Recorded data:
* * * * *

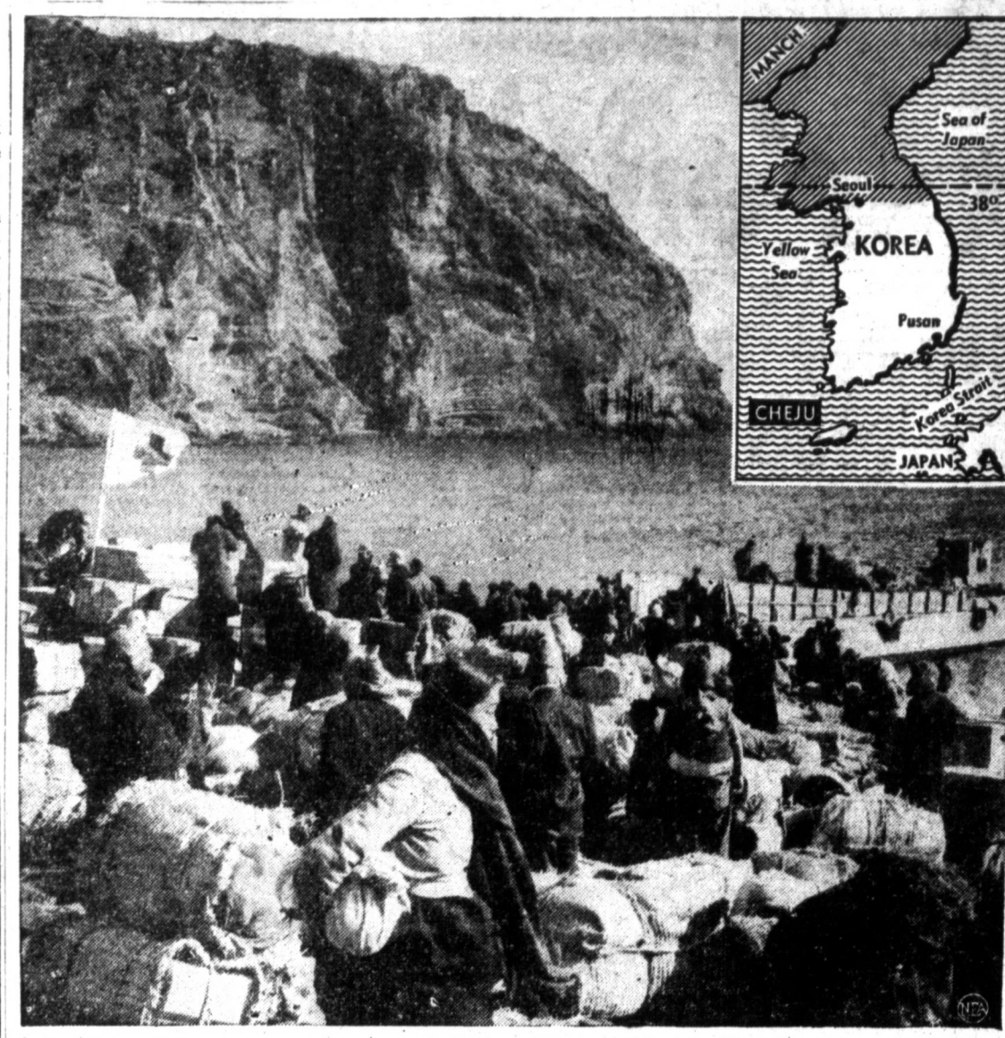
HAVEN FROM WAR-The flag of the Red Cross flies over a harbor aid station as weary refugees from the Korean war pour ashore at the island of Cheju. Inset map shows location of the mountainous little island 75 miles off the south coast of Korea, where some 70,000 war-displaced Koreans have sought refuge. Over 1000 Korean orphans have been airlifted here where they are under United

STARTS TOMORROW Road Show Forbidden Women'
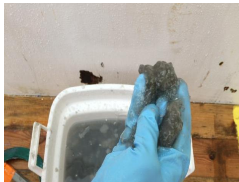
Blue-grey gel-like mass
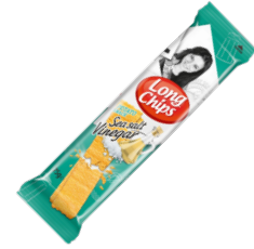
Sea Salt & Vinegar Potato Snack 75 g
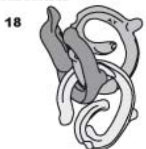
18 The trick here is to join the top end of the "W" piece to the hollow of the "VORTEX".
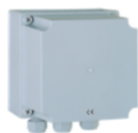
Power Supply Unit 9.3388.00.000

* * * * *

» What the task asks: The answer is the run of lines from the one with "18 The trick" through the final line of the data, copied exactly, and nothing else; no pictures.

» Output below:
18 The trick here is to join the top end of the "W" piece to the hollow of the "VORTEX".
Power Supply Unit 9.3388.00.000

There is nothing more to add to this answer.